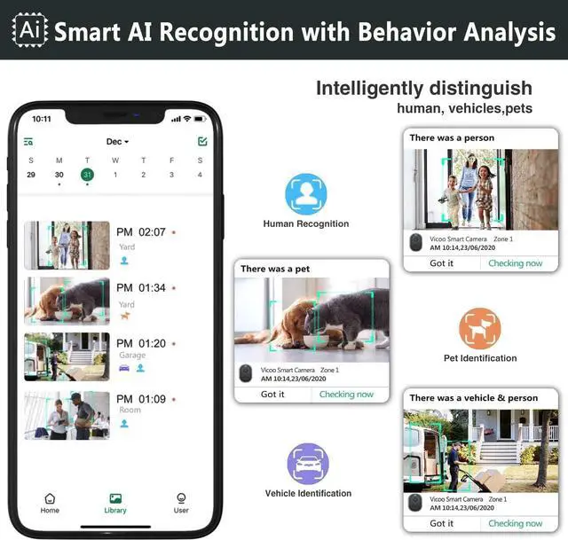 Full Color Night Vision & PIR Motion DetectionThe battery powered security cameras have two modes for night vision: Full-color night vision and infrared night vision with 33ft visible range, helping you take excellent color pictures and videos at night. Bullet surveillance cameras adopt an advanced PIR sensor to catch any suspicious events in its detection range. It can accurately identify and differentiate between people, pets, vehicles, and packages through smart AI technology
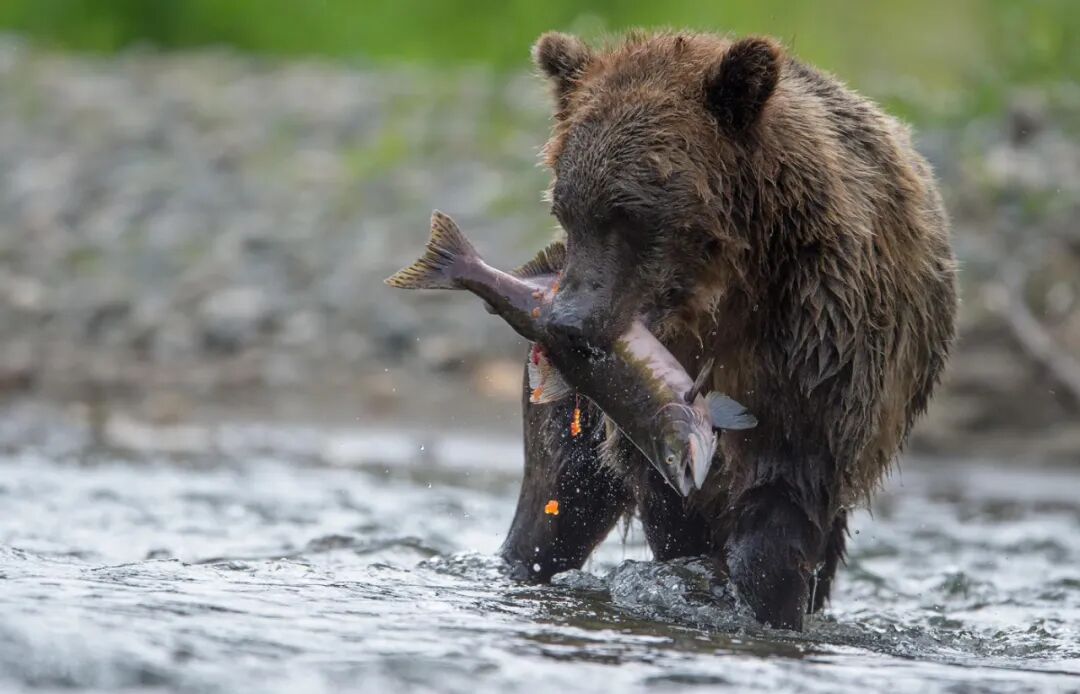 9月到10月的三文鱼回流季,成群的灰熊、黑熊会从山林走向河谷、溪流边捕食三文鱼。这是全球最壮观的“野生观熊秀”,而且几乎是零距离。
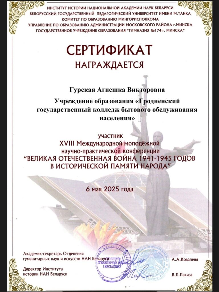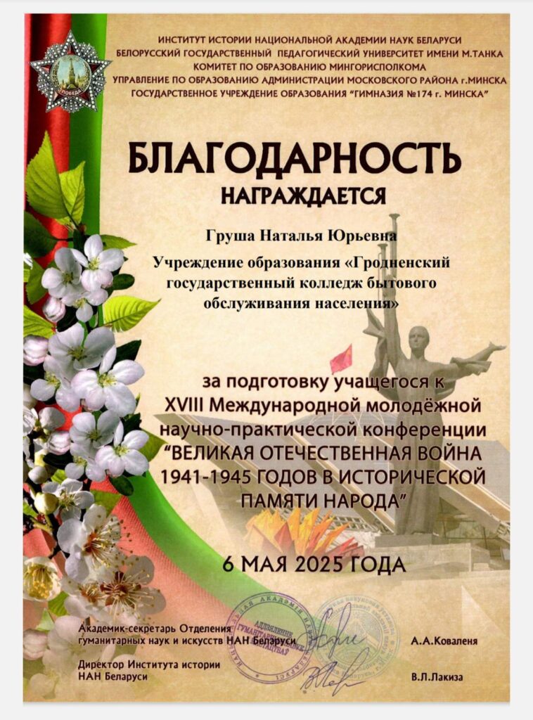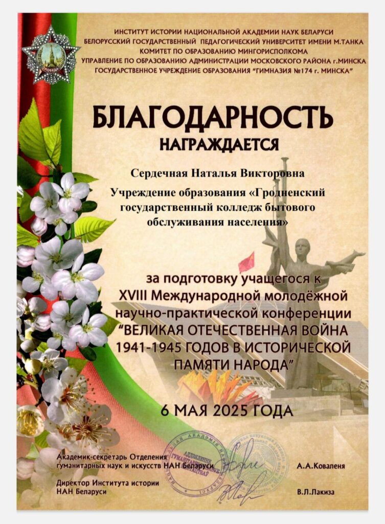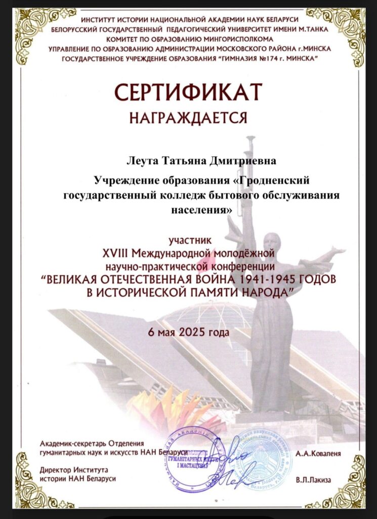С 12.04.2025 по 17.04.2025 учащиеся колледжа Леута Татьяна и Гурская Агнешка принимали участие в XVIII Международной молодежной научно-практической конференции “Великая Отечественная война 1941 – 1945 годов в исторической памяти народа” (к 80-летию Победы советского народа в Великой Отечественной войне)». По итогам конкурса исследовательская работа учащихся “Зинаида Тимофеевна Судакова. Ей досталась нелегкая участь солдата” отмечена сертификатами участника, а педагоги подготовившие учащихся награждены благодарностью.

· · ·

### [Directions for this task]
Without the pictures, print the whole listing exactly as given.

### [Result]
 Full Color Night Vision & PIR Motion DetectionThe battery powered security cameras have two modes for night vision: Full-color night vision and infrared night vision with 33ft visible range, helping you take excellent color pictures and videos at night. Bullet surveillance cameras adopt an advanced PIR sensor to catch any suspicious events in its detection range. It can accurately identify and differentiate between people, pets, vehicles, and packages through smart AI technology
 9月到10月的三文鱼回流季,成群的灰熊、黑熊会从山林走向河谷、溪流边捕食三文鱼。这是全球最壮观的“野生观熊秀”,而且几乎是零距离。
С 12.04.2025 по 17.04.2025 учащиеся колледжа Леута Татьяна и Гурская Агнешка принимали участие в XVIII Международной молодежной научно-практической конференции “Великая Отечественная война 1941 – 1945 годов в исторической памяти народа” (к 80-летию Победы советского народа в Великой Отечественной войне)». По итогам конкурса исследовательская работа учащихся “Зинаида Тимофеевна Судакова. Ей досталась нелегкая участь солдата” отмечена сертификатами участника, а педагоги подготовившие учащихся награждены благодарностью.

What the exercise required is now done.